Auf das Erfahrungswissen der Betroffenen angewiesen

"Die Evangelische Kirche ist auf das Erfahrungswissen der Betroffenen angewiesen und will sie weiterhin konsequent beteiligen", betonte der Braunschweiger Landesbischof. Dafür müsse sie auch mit Rücksicht auf die unterschiedlichen Perspektiven von Betroffenen "die bisherigen Erfahrungen auswerten und die Formen überprüfen, gegebenenfalls auch weiterentwickeln". Aus diesen laufenden Gesprächen könne, so Meyns, nicht berichtet werden.

Laut "Spiegel" haben von den verbliebenen sieben Opfern vier mit anwaltlicher Hilfe zwischenzeitlich einen Aufschub der Auflösung erreicht. Die nächste Beiratssitzung sei am kommenden Montag geplant.

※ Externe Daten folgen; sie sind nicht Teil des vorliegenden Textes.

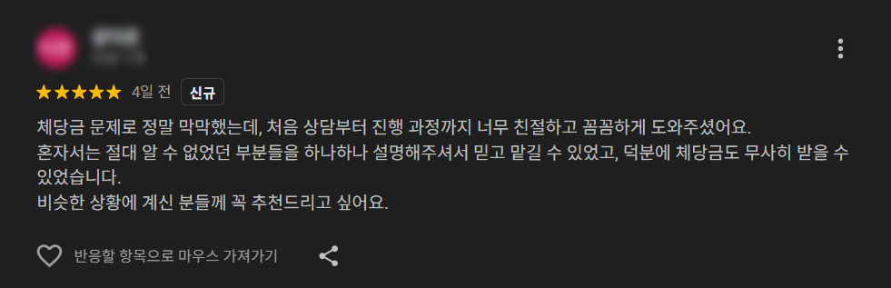 의뢰인 감사후기 본문 체당금 문제로 정말 막막했는데, 처음 상담부터 진행 과정까지 너무 친절하고 꼼꼼하게 도와주셨어요.혼자서는 절대 알 수 없었던 부분들을 하나하나 설명해주셔서 믿고 맡길 수 있었고, 덕분에 체당금도 무사히 받을 수 있었습니다.비슷한 상황에 계신 분들께 꼭 추천드리고 싶어요. 담당변호사 왕건수석 변호사 처분 승소 목록 이전글의뢰인 감사후기 26.01.15 다음글의뢰인 감사후기 25.12.18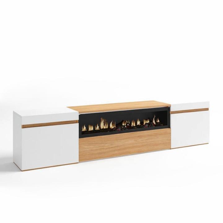 La pieza central de este modelo es su chimenea decorativa con efecto fuego realista, que aporta calidez visual al espacio sin generar calor, humos ni necesidad de mantenimiento. Gracias a la tecnología LED de bajo consumo, el efecto llama se presenta con gran profundidad y movimiento.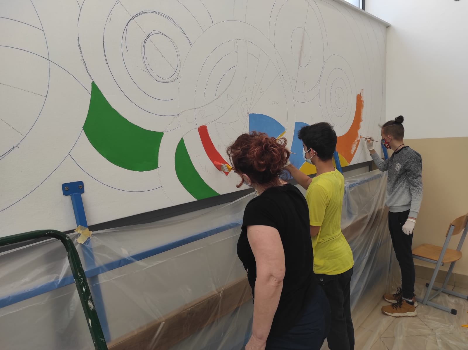 Početne obrise napravila je učiteljica likovne kulture, Božica Rebić te je zajedno s učenicima 8.c razreda (Borna P. i Patrik Ć.) napravila prve poteze kistom i tako je krenula šarena priča u vukovinskoj Osnovnoj školi. Nakon što su učenici i učiteljica obojali plohe i morali krenuti na nastavu, stručne suradnice Marta, Ana i Bernarda pripomogle su s detaljima i nastavile rad kako bi sve bilo spremno do povratka svih učenika u školu.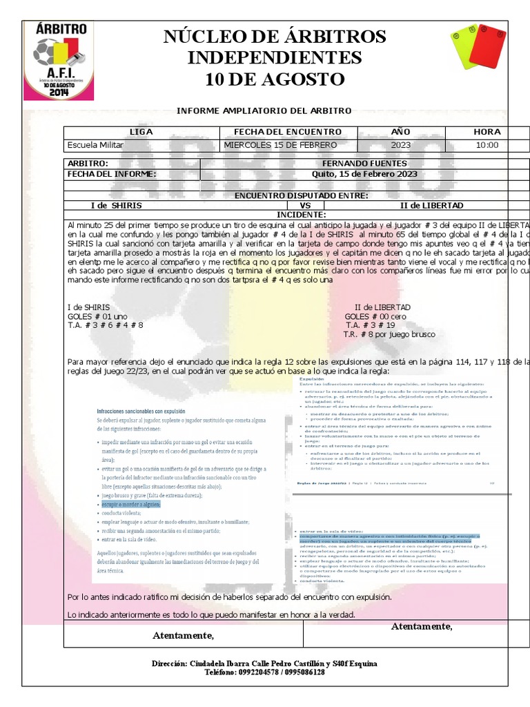 INFORME AMPLIATORIO DEL ARBITRO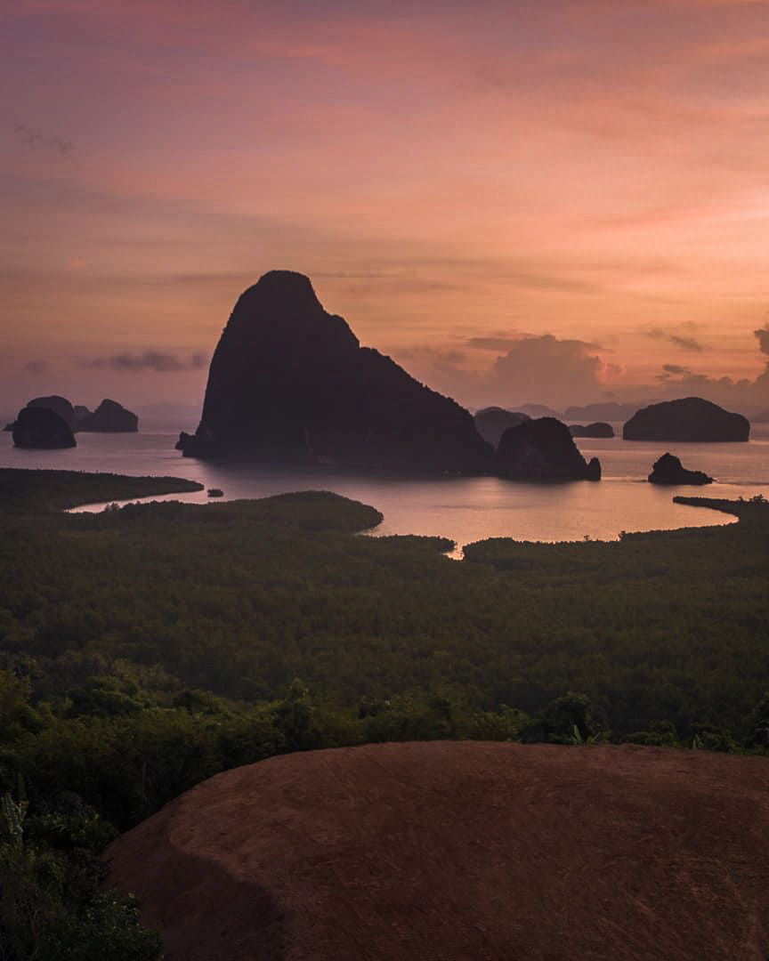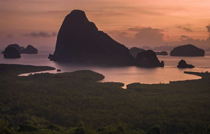 Затем мы поднимемся на одну из самых знаменитых смотровых площадок в мире — Самет Нангше. Отсюда, как с высоты птичьего полёта, вам откроется завораживающая панорама на бирюзовые воды залива Пханг-Нга, усеянные причудливыми скалами-карстами и ковром изумрудных мангровых лесов.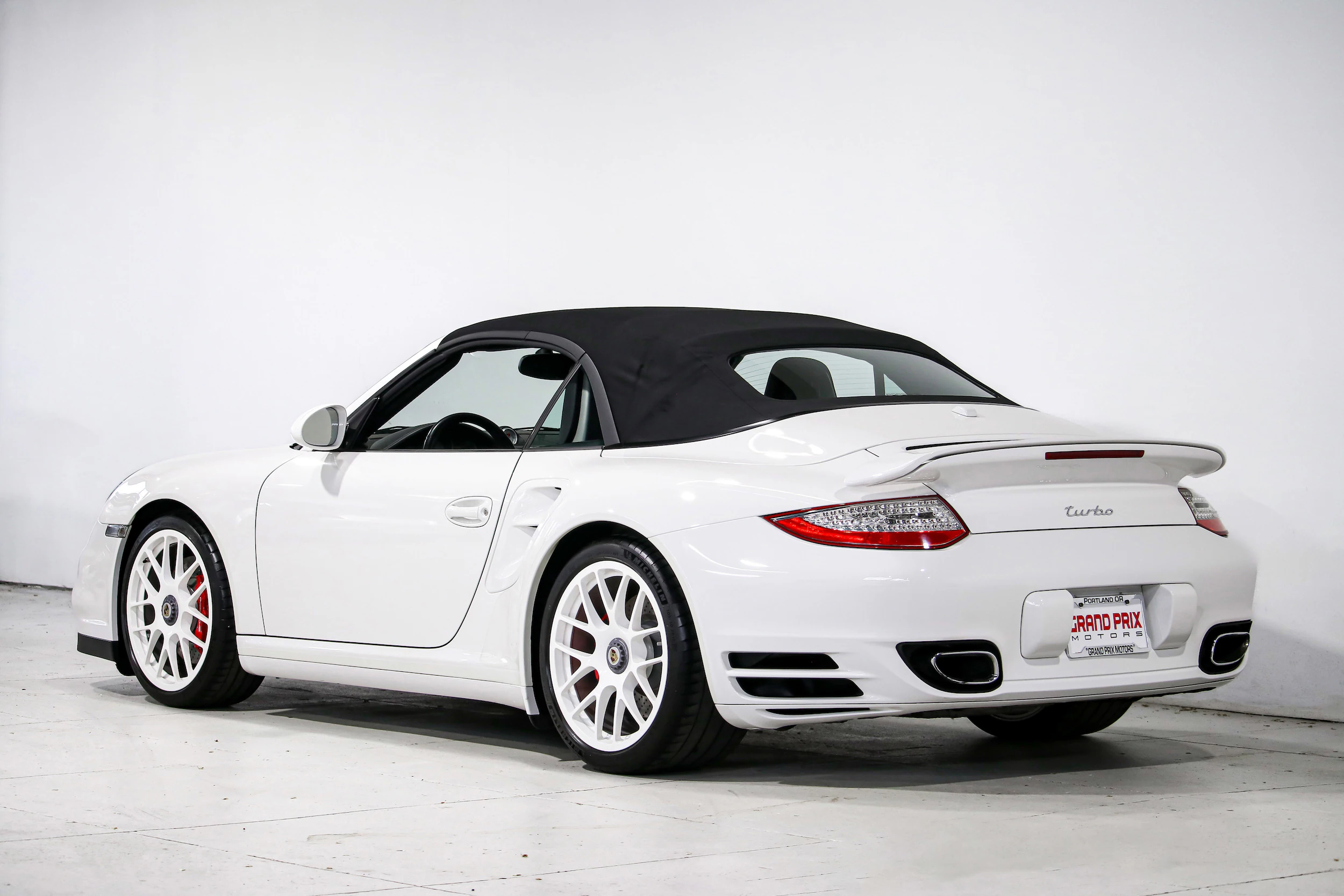 The exterior is finished in Carrara White with a black convertible soft top and features the optional Exterior Package Painted, which includes a painted front intake grille, painted headlight washer covers, and body-matched trim accents. Clear taillights and bi-xenon headlights with Porsche Dynamic Light System (PDLS) complete the refined look. The body-color 19″ RS Spyder center-lock wheels enhance its aggressive stance.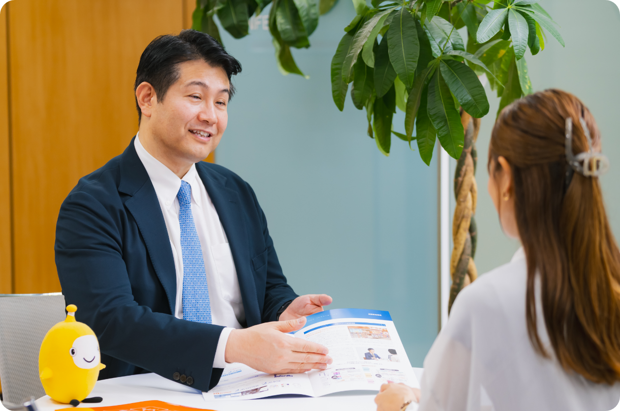 ご相談が多いのは、ライフステ―ジ変化のタイミング。結婚や出産、就職、定年退職といった節目ごとに幅広い年代のお客さまがご来店されます。「どこでどれだけお金がかかりそうか」「老後にどれくらい資金が残りそうか」といったライフプランを一緒に確認したうえで、今入っている保障の過不足を確認します。お客さまに心を開いてお話しいただけないと、適切な保険にたどり着けません。そのため、お客さまの話をしっかり傾聴できるスタッフがお客さまの信頼を得て、結果的に実績につながっていきます。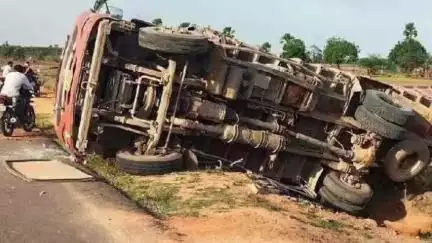 గరిడేపల్లి మండలం కల్మల్ చెరువు శివారు వద్ద సోమవారం ఉదయం సిమెంట్ లారీ బోల్తా పడింది.జాన్పహాడ్ నుంచి గరిడేపల్లి వైపు వస్తున్న అదానీ సిమెంట్ లోడ్ లారీ, రోడ్డు వెడల్పు పనుల్లో తీస్తున్న గుంతలోకి దూసుకుపోయి అదుపు తప్పిందని స్థానికుడు అంజినాయక్ తెలిపారు. ప్రమాద సమయంలో వెంటనే స్పందించి డ్రైవర్ను కాపాడినట్లు చెప్పారు. ఈ ఘటనలో ఎలాంటి ప్రాణ నష్టం జరగకపోవడంతో ఊపిరి పీల్చుకున్నారు.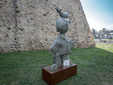 Dice l’artista: “Il bronzo questo materiale eterno di cui l’umanità si avvale da sempre per raffigurare imperatori, re e principi vale anche come magia che fa apparire il sorriso sui volti umani quando si comincia giocarci un po’. Esiste cosa più bella di un sorriso? Arrampicati sopra una scultura che arriva come uno strano compagno di viaggio, ci si trova già ad un millesimo di centimetro dalla superficie della realtà. Le piazze, le strade che percorriamo spesso di fretta, c’è ancora chi le percepisce nella loro familiarità scontata? L’arte è perturbante, nel senso migliore del termine, dal momento che riporta agli occhi le cose trascurate il non visto. L’estraneo, ciò che non è consueto, è una possibilità che si apre per noi. E’ un uscire da sé, come piccole fughe in grado di aprire il cuore e lo sguardo a spazi più ampi. E’ un regalo per chi è disposto ad accoglierlo. Fermarsi qualche volta dimenticando se stessi, come accade nel gioco e nell’amore: questo, sì, ferma il tempo per un istante. Ci libera dalla nostra finitezza. Essere senza tempo anche solo per un attimo è felicità”.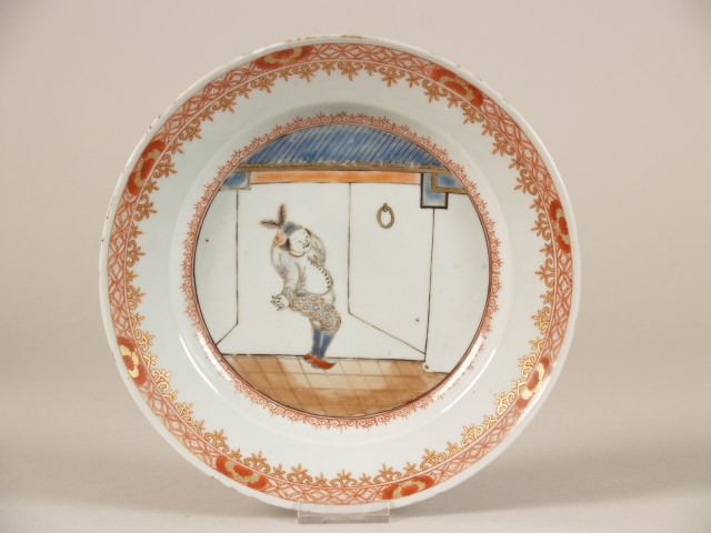 Bord beschilderd in bovenglazuur ijzerrood en emailkleuren en gehoogd in goud. Op het plat voor een muur een figuur met een broek, kousen en veren op zijn hoofddeksel. Rond het plat een staande ornamentrand. Langs de rand een band met halve bloemen op een ruitpatroon met eronder een ornamentrand. chine de commande, melk en bloed Deze voorstelling is afgeleid van een afbeelding op één van de zogenaamde Actiebordjes die beschreven is met de tekst 'Pardie al mijn Actien kwijt'. Deze bordjes met een overwegend ijzerrode versiering zijn niet beschreven met een tekst. De decoraties van deze borden zijn veelal gebaseerd op een kaartspel uit 1720 die meestal onderdeel zijn van Het Groote Tafereel der Dwaasheid (zie o.a. Rijksmuseum, http://hdl.handle.net/10934/RM0001.COLLECT.477726). Elke kaart heeft een voorstelling en versje gerelateerd aan de windhandel van 1720. Zie ook NO 00890 & NO 01090 en in de FM collectie QLY00594. (Nederlands)

Der Betroffenenbeirat war im vergangenen August von der EKD nach eigenen Angaben berufen worden, "um in strukturierter Art und Weise Perspektiven und Haltungen Betroffener sexualisierter Gewalt in die laufenden Entscheidungsprozesse einzubinden". Der Beirat sei an allen laufenden Prozessen zur Aufarbeitung sexualisierter Gewalt in der EKD und der Diakonie beteiligt. Auch die katholische Deutsche Bischofskonferenz hat einen Betroffenenbeirat eingerichtet.